● **Your instructions**: Verbatim copy, images omitted: return the full listing.

● **Source material**:
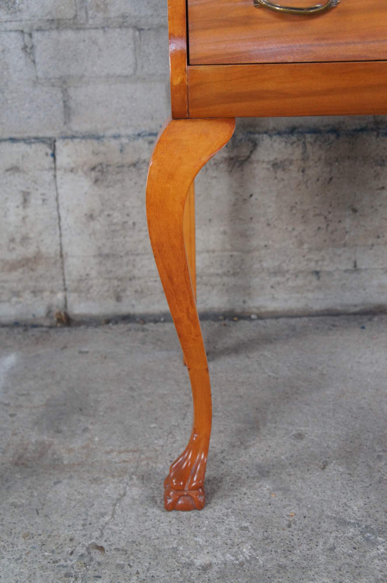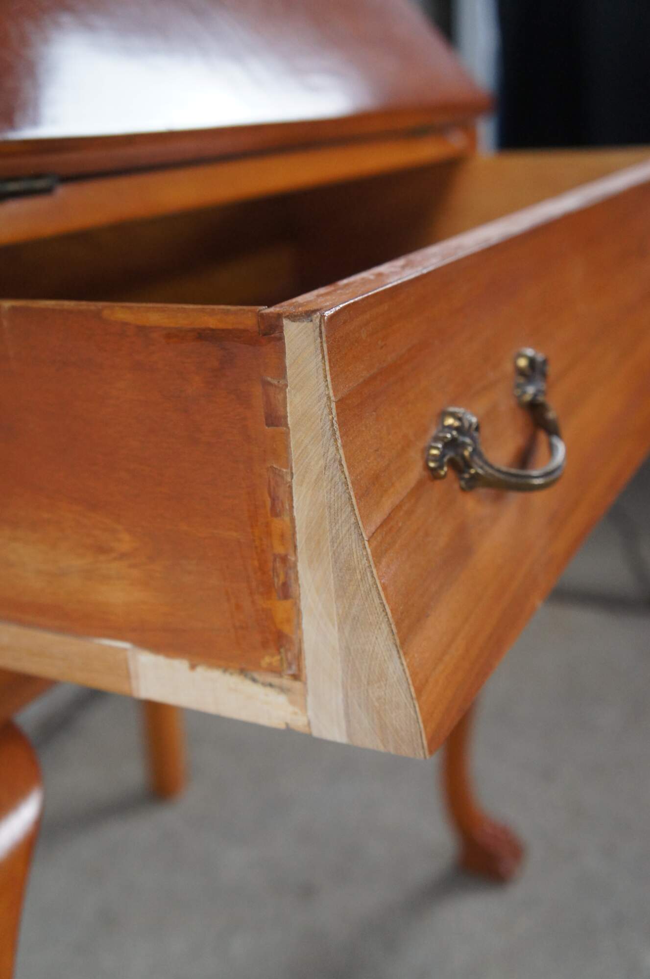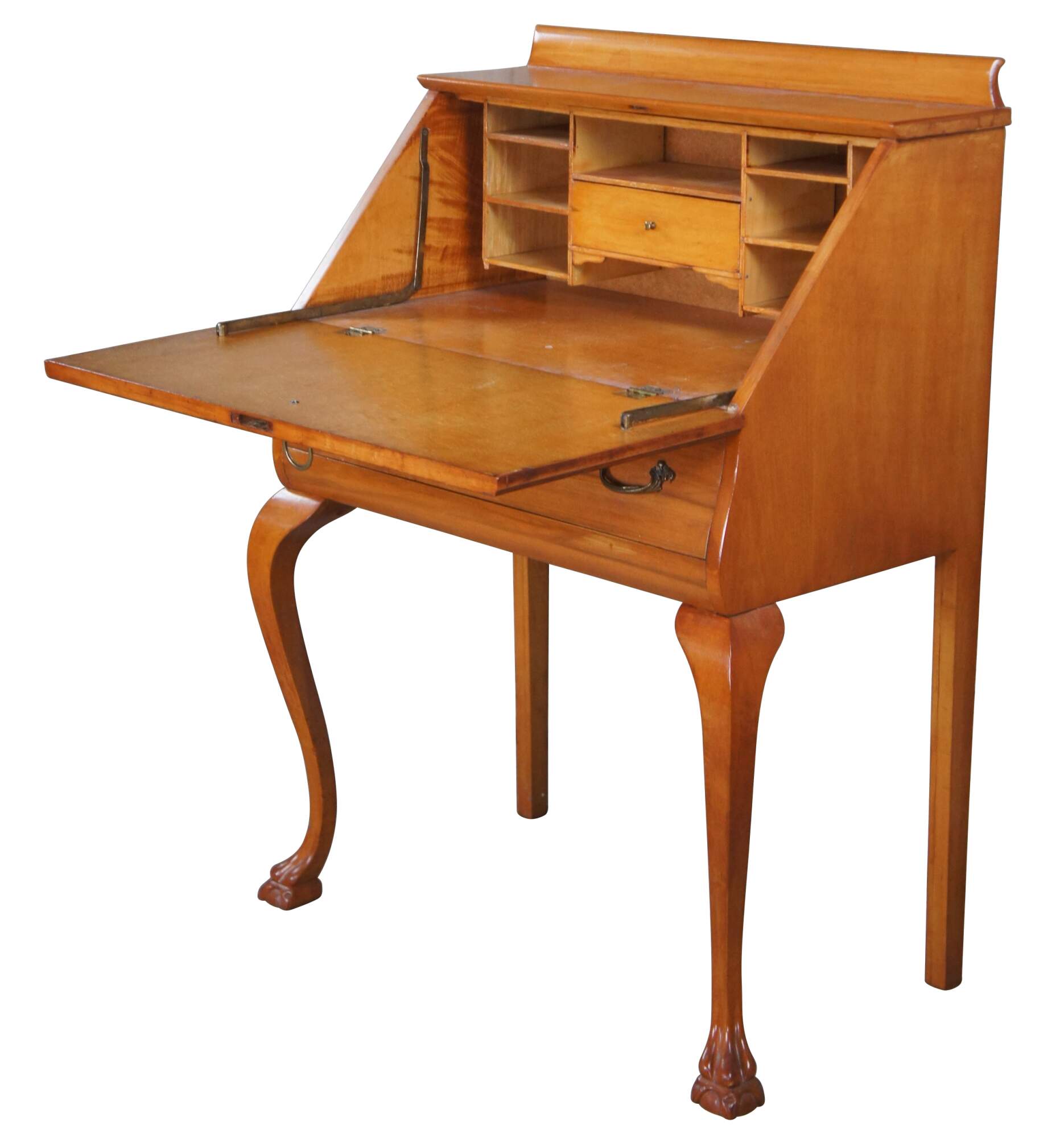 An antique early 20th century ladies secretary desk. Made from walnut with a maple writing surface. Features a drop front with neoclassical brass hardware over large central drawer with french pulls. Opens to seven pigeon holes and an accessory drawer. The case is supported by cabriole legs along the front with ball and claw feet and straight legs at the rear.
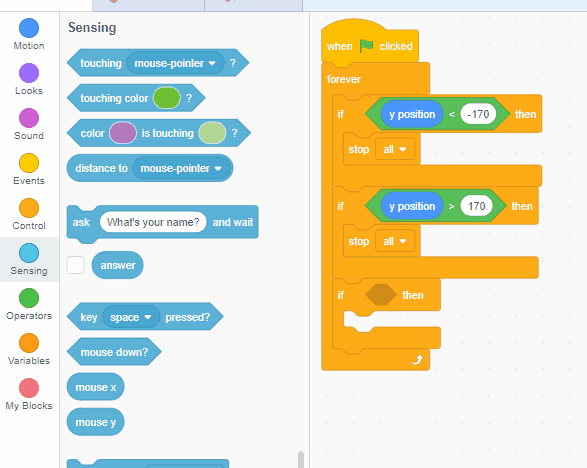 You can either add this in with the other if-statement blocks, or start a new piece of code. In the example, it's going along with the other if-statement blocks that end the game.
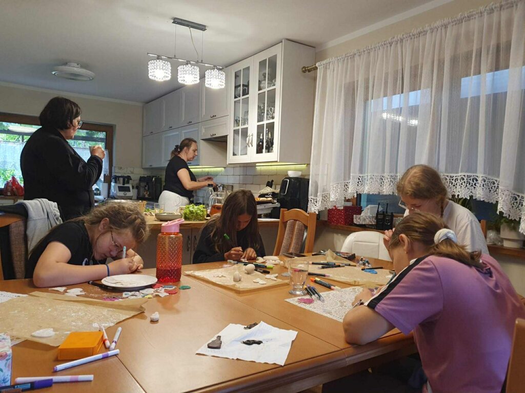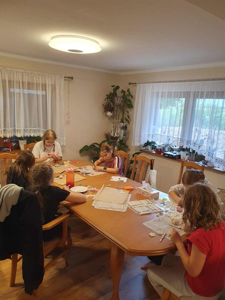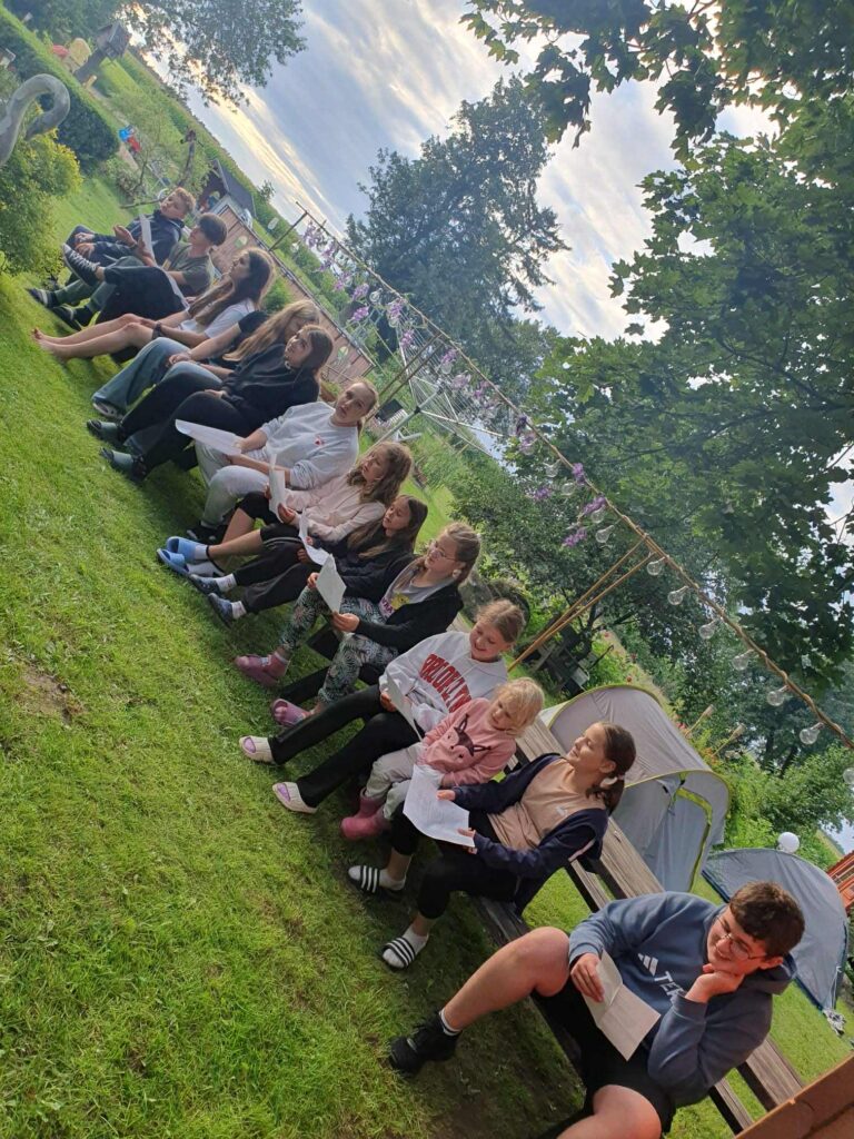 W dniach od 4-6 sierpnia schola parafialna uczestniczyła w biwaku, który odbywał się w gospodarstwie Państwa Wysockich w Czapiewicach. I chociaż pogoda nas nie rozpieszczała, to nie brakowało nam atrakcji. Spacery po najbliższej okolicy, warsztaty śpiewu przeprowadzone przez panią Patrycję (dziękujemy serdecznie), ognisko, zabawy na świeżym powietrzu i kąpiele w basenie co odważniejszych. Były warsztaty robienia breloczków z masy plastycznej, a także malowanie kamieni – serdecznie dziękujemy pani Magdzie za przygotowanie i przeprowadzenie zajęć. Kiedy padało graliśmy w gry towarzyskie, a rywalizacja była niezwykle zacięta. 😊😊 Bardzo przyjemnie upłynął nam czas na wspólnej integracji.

● **Problem solution**:
 An antique early 20th century ladies secretary desk. Made from walnut with a maple writing surface. Features a drop front with neoclassical brass hardware over large central drawer with french pulls. Opens to seven pigeon holes and an accessory drawer. The case is supported by cabriole legs along the front with ball and claw feet and straight legs at the rear.
 You can either add this in with the other if-statement blocks, or start a new piece of code. In the example, it's going along with the other if-statement blocks that end the game.
 W dniach od 4-6 sierpnia schola parafialna uczestniczyła w biwaku, który odbywał się w gospodarstwie Państwa Wysockich w Czapiewicach. I chociaż pogoda nas nie rozpieszczała, to nie brakowało nam atrakcji. Spacery po najbliższej okolicy, warsztaty śpiewu przeprowadzone przez panią Patrycję (dziękujemy serdecznie), ognisko, zabawy na świeżym powietrzu i kąpiele w basenie co odważniejszych. Były warsztaty robienia breloczków z masy plastycznej, a także malowanie kamieni – serdecznie dziękujemy pani Magdzie za przygotowanie i przeprowadzenie zajęć. Kiedy padało graliśmy w gry towarzyskie, a rywalizacja była niezwykle zacięta. 😊😊 Bardzo przyjemnie upłynął nam czas na wspólnej integracji.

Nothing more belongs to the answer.